* **Exercise**: In the entries that follow, repeat exactly the lines from the one that has "また、Geminiで釣果写真" through the one that has "Зуб. Акула. Eostriatolamia", but omit pictures.

* **Records provided**:

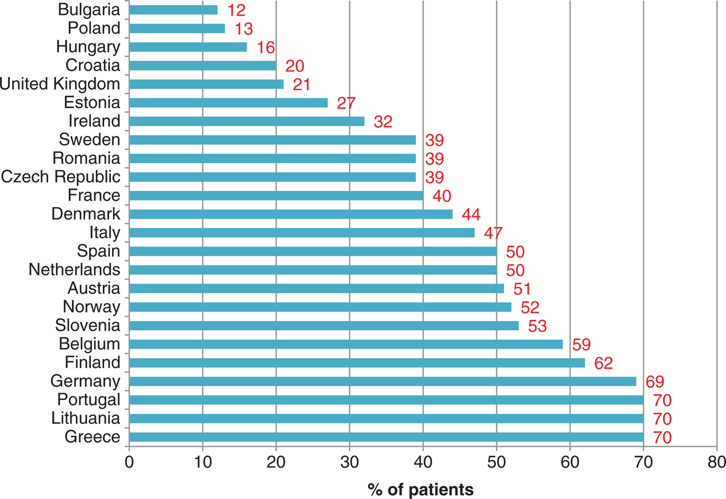 Figure 1 Percentage of MS patients who have access to DMDs in Europe.
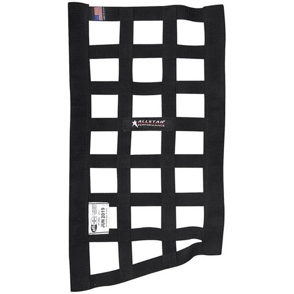 FeaturesBorder style window net has built-in vertical sleevesUsed for installing mounting rods to attach net to the chassisNet is ideal for cages that have been fitted with or updated to funny car style bars around the driverNet is SFI 27.1 certifiedSpecificationsColor: Black
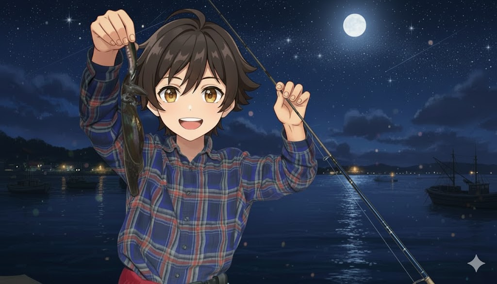 また、Geminiで釣果写真を加工。まずはシーンを田舎の港にしてもらいイラスト化。いまひとつだったので、「深海誠風」にしてもらい、顔は子どものリクエストで「原神」風にした。うん、悪くない!
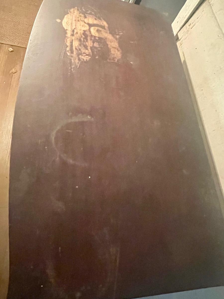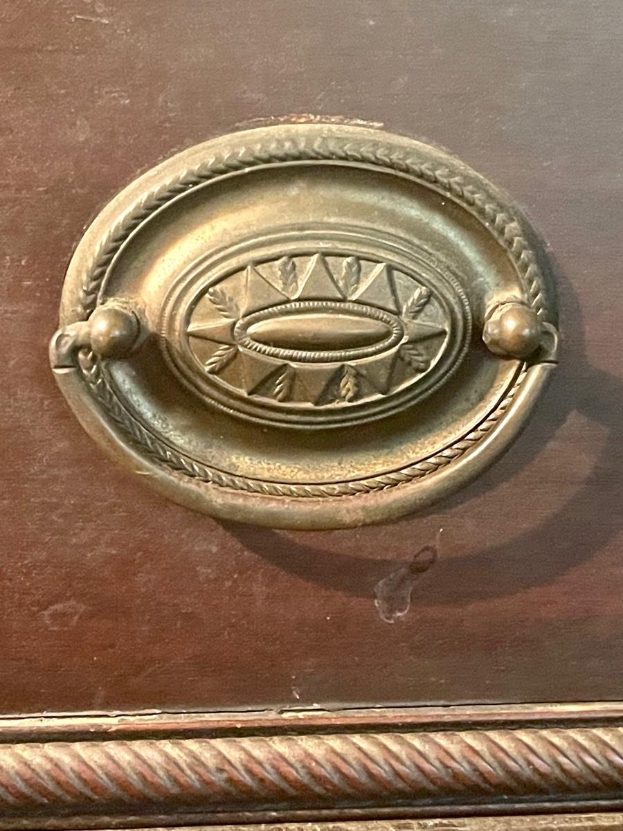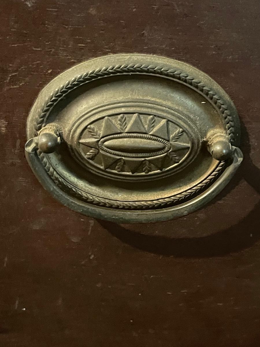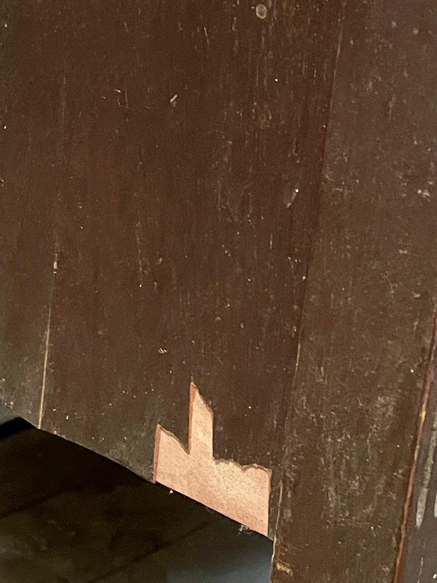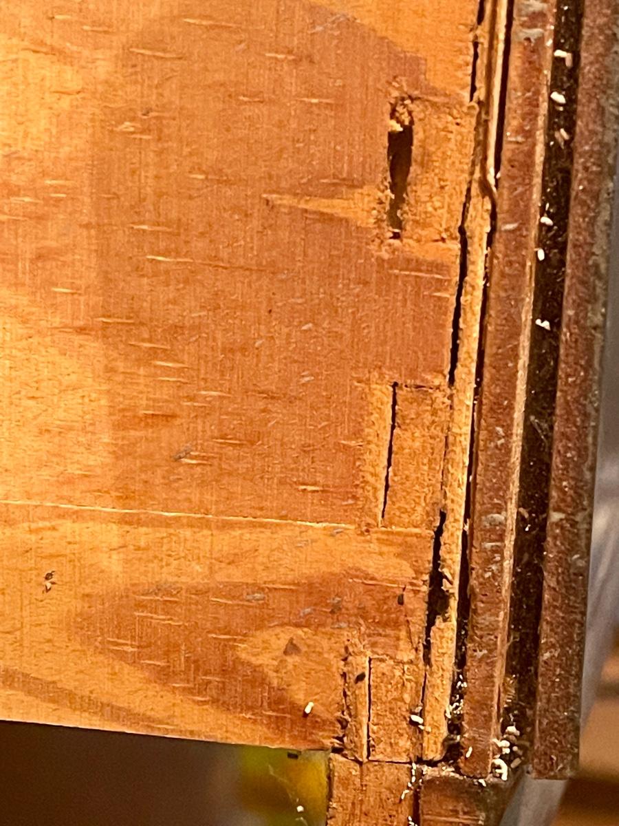 Good project piece. Nice hardware. Some veneer separation on bottom and on some drawer faces, but great bones!
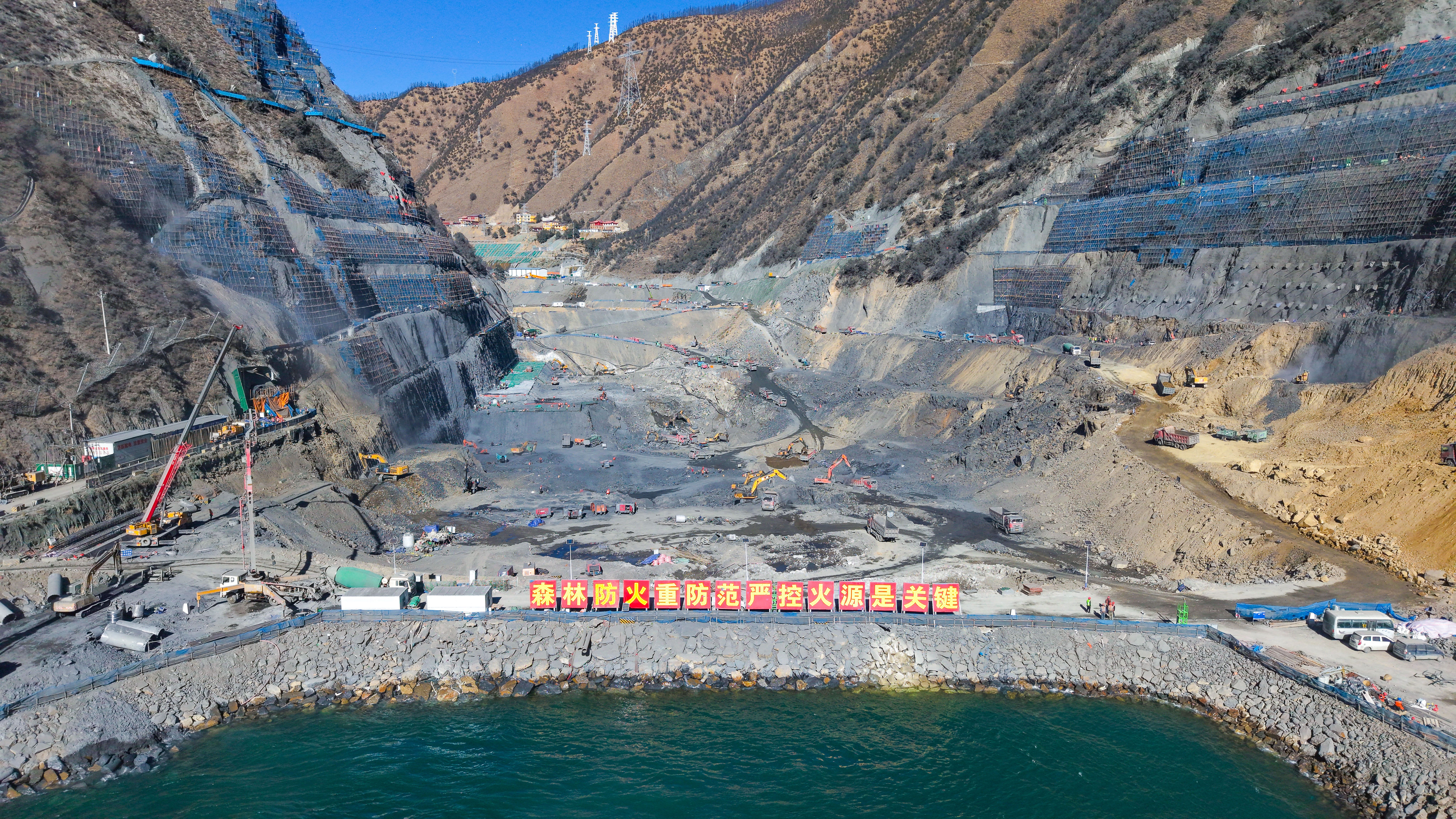 在雅砻江流域另一座抽水蓄能电站——两河口混合式抽水蓄能电站建设现场,500余名建设者奋战一线,抢抓枯水期施工“黄金窗口”,24小时轮班作业,投入首台国产化无人智能凿岩机,奋力推进电站地下厂房开挖,施工效率提升30%以上。在其下游的牙根一级水电站,工地上机械轰鸣,600多名建设者推进边坡开挖支护、导流明渠浇筑等多项施工,春节期间还要开展大坝混凝土浇筑。“今年是大坝主体工程施工的高峰期,更是决定电站2028年投产发电的关键一年。”雅砻江公司牙根一级建设管理局副局长吴火兵介绍。他们每天开碰头会,随时解决施工中出现的问题。
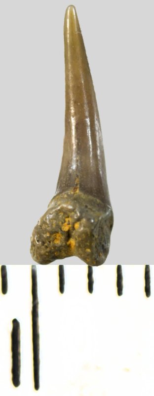 Зуб. Акула. Eostriatolamia subulata (Agassiz, 1843). Классификация: Хордовые Chordata, Позвоночные Vertebrata, Хрящевые рыбы Chondrichthyes, Пластиножаберные Elasmobranchii, Акулы Selachii, Ламнообразные Lamniformes, Песчаные акулы Odontaspididae
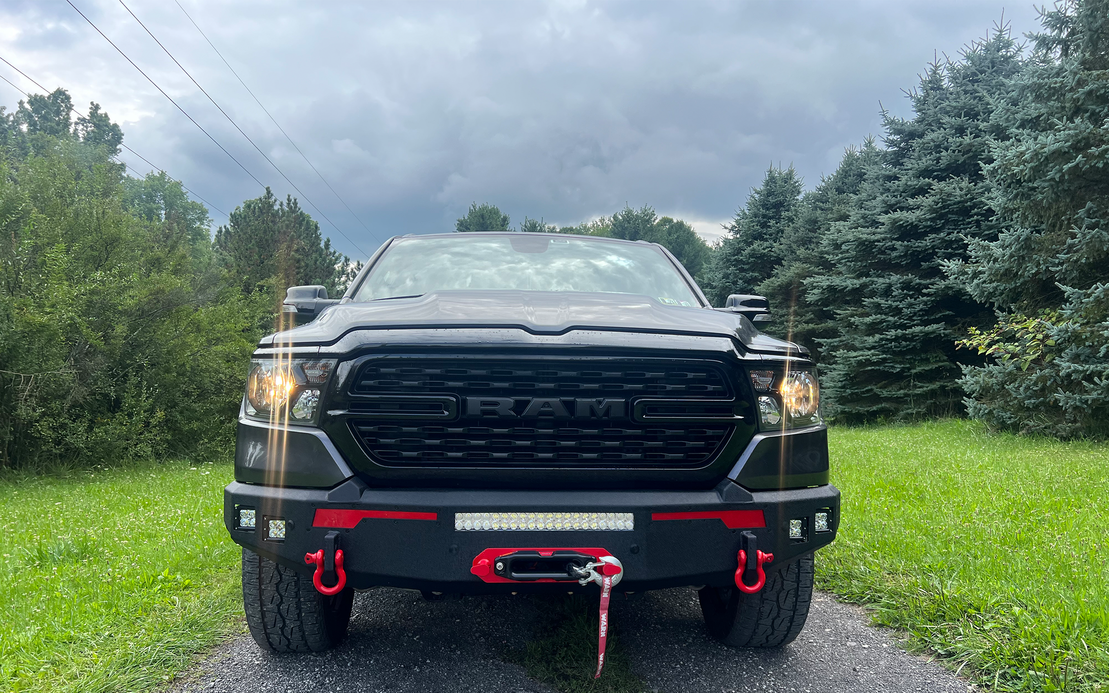 Built from robust 0.156 Inch thick steel, it stands as a testament to durability, further enhanced by its CNC bent and welded construction. Stretching to a grand length of 81 inches, this bumper redefines the front profile of your Ram 1500.
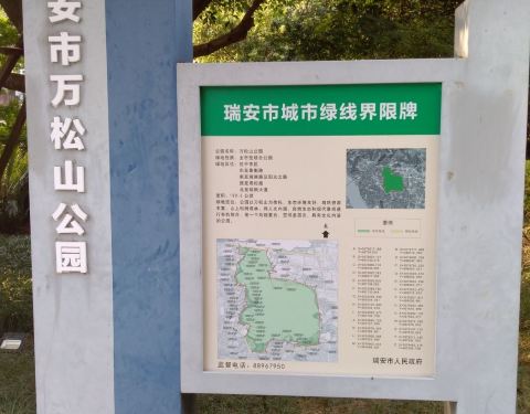 万松山公园位于瑞安城区以北,总占地面积 216公顷,最高峰海拔208.7米,是瑞安市民 休闲锻炼的好去处。在车辆日益膨胀,绿地 日益减少的瑞城,这里是瑞安美丽清新的绿 肺,也是瑞安老城底蕴深厚又最充满活力与 生机的地方,除了给人健康,更给人快乐。 在这里登山,你时常能看到游山的学生、身 着迷人的草绿装锻炼的战士,精神瞿钰的老 者、朝气蓬勃的年轻人、更有忙中偷闲的中 年人。
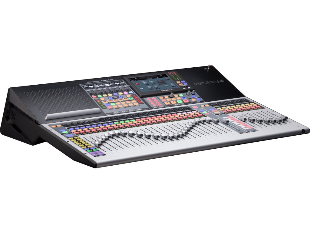 - Wbudowany interfejs sieciowy audio 64x64 AVB umożliwia podłączenie plug-and-play dodatkowych konsolet mikserskich StudioLive Series III, stageboksów PreSonus NSB lub osobistych mikserów monitorowych EarMix 16M
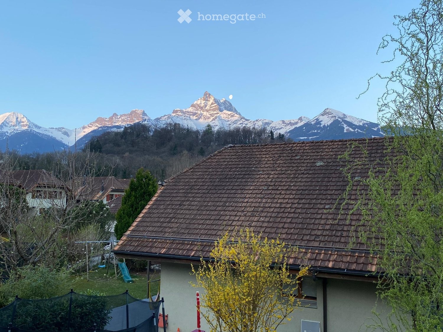 Construite en 2013, elle se trouve dans un quartier calme en périphérie du village de Bex. A 15 min à pied des écoles et des commerces, elle profite d?une magnifique vue sur les Dents du Midi. Une sortie d?autoroute se trouve à environ 3min et le village dispose d?une gare bien desservie.
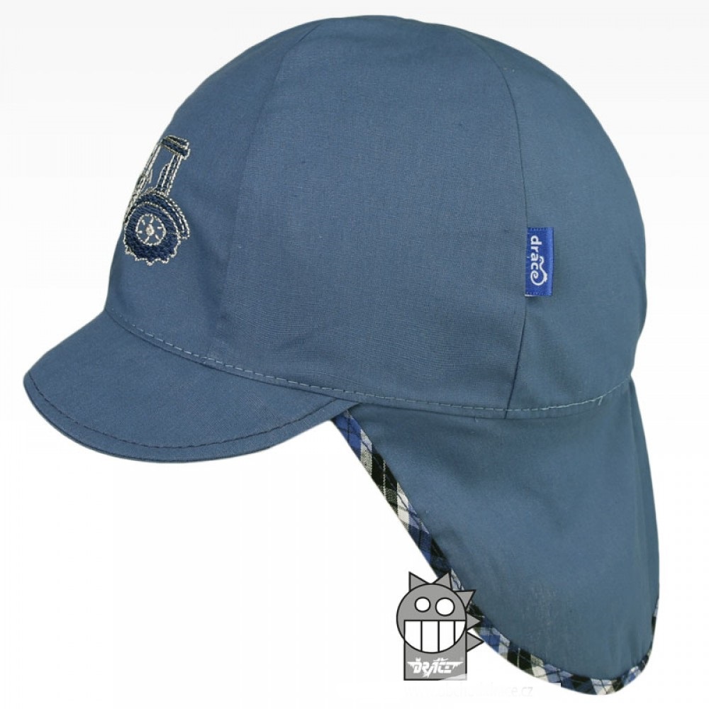 Dětská letní kšiltovka z lehkého materiálu s praktickou plachetkou, chránící zátylek a částečně ramena.
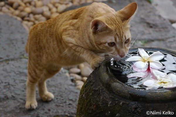 猫が優雅に水を飲む姿を見ると、気持ちが安らかになっていきます。

* **Solution to the exercise**:
 また、Geminiで釣果写真を加工。まずはシーンを田舎の港にしてもらいイラスト化。いまひとつだったので、「深海誠風」にしてもらい、顔は子どものリクエストで「原神」風にした。うん、悪くない!
 Good project piece. Nice hardware. Some veneer separation on bottom and on some drawer faces, but great bones!
 在雅砻江流域另一座抽水蓄能电站——两河口混合式抽水蓄能电站建设现场,500余名建设者奋战一线,抢抓枯水期施工“黄金窗口”,24小时轮班作业,投入首台国产化无人智能凿岩机,奋力推进电站地下厂房开挖,施工效率提升30%以上。在其下游的牙根一级水电站,工地上机械轰鸣,600多名建设者推进边坡开挖支护、导流明渠浇筑等多项施工,春节期间还要开展大坝混凝土浇筑。“今年是大坝主体工程施工的高峰期,更是决定电站2028年投产发电的关键一年。”雅砻江公司牙根一级建设管理局副局长吴火兵介绍。他们每天开碰头会,随时解决施工中出现的问题。
 Зуб. Акула. Eostriatolamia subulata (Agassiz, 1843). Классификация: Хордовые Chordata, Позвоночные Vertebrata, Хрящевые рыбы Chondrichthyes, Пластиножаберные Elasmobranchii, Акулы Selachii, Ламнообразные Lamniformes, Песчаные акулы Odontaspididae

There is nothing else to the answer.